#### [Work task]
Everything in the entries is to be written out exactly, except for the pictures.

#### [Material shown]
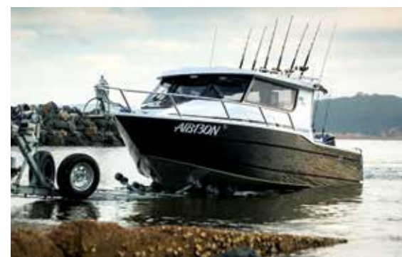
CLOCKWISE FROM MAIN Performance and stability are hallmarks of every Surtees; The next generation of New Zealand fishos; Surtees is a part of the NZ fishing culture; A Surtees owner's proudest catch.

Surtees boats deliver the perfect balance of cabin and fishing space packed to the gunnels with Surtees SiQ™ technology and features. Over 90% of the boats are treated with Nyalic, a paint-like substance that protects the aluminium hulls from harsh environments that cause corrosion, oxidation, stains and pitting, or alternatively there is a full range of optional paint finishes.
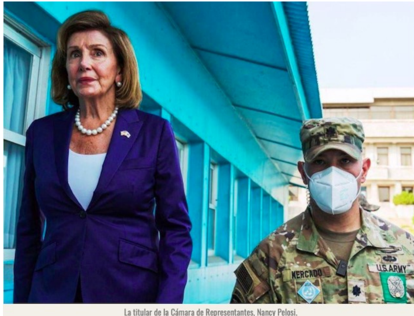
La titular de la Cámara de Representantes, Nancy Pelosi.
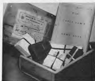
Merry Christmas, 1917
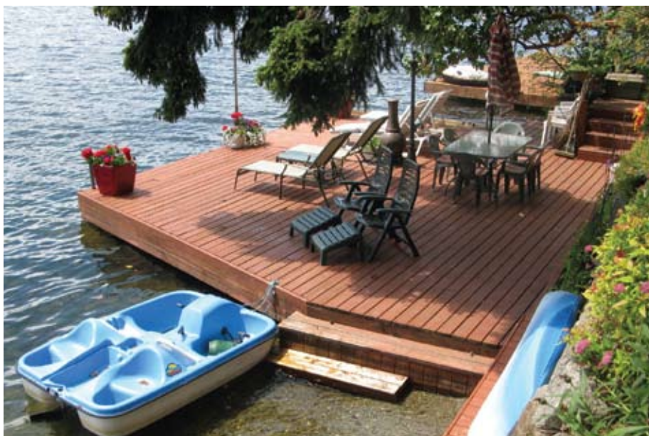
The Whitehouse's jetties.

softies) amused. And the cool retro design leopard head and zebra print cushion covers also turned my head.
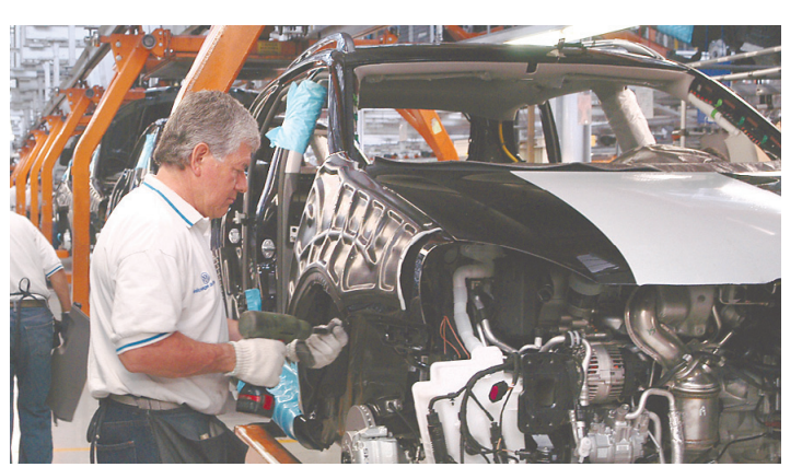
Japanese investment in Mexico has increased dramatically, especially in the automotive industry. MINISTRY OF FOREIGN

emergent countries outside Asia. Since the enactment of the EPA in 2005, Japanese companies have invested more than $21.38 billion in Mexico in several sectors of the economy, including the automotive industry, energy, infrastructure, electronics, metallurgy and agroindustry, among others. In recent years, the number of Japanese companies in Mexico has increased dramatically from 390 at the end of 2009 to the more than 1,000 operating in our country today. To give an idea of the importance of this, until 2014 there were only 11 countries and regions in the world with more than 1,000 Japanese companies (China, the U.S., India, Indonesia, Germany, Thailand, Philippines, Vietnam, Malaysia, Taiwan and the U.K.). Mexico is the first Latin American country to reach that mile-

#### [Exercise output]
CLOCKWISE FROM MAIN Performance and stability are hallmarks of every Surtees; The next generation of New Zealand fishos; Surtees is a part of the NZ fishing culture; A Surtees owner's proudest catch.

Surtees boats deliver the perfect balance of cabin and fishing space packed to the gunnels with Surtees SiQ™ technology and features. Over 90% of the boats are treated with Nyalic, a paint-like substance that protects the aluminium hulls from harsh environments that cause corrosion, oxidation, stains and pitting, or alternatively there is a full range of optional paint finishes.
La titular de la Cámara de Representantes, Nancy Pelosi.
Merry Christmas, 1917
The Whitehouse's jetties.

softies) amused. And the cool retro design leopard head and zebra print cushion covers also turned my head.
Japanese investment in Mexico has increased dramatically, especially in the automotive industry. MINISTRY OF FOREIGN

emergent countries outside Asia. Since the enactment of the EPA in 2005, Japanese companies have invested more than $21.38 billion in Mexico in several sectors of the economy, including the automotive industry, energy, infrastructure, electronics, metallurgy and agroindustry, among others. In recent years, the number of Japanese companies in Mexico has increased dramatically from 390 at the end of 2009 to the more than 1,000 operating in our country today. To give an idea of the importance of this, until 2014 there were only 11 countries and regions in the world with more than 1,000 Japanese companies (China, the U.S., India, Indonesia, Germany, Thailand, Philippines, Vietnam, Malaysia, Taiwan and the U.K.). Mexico is the first Latin American country to reach that mile-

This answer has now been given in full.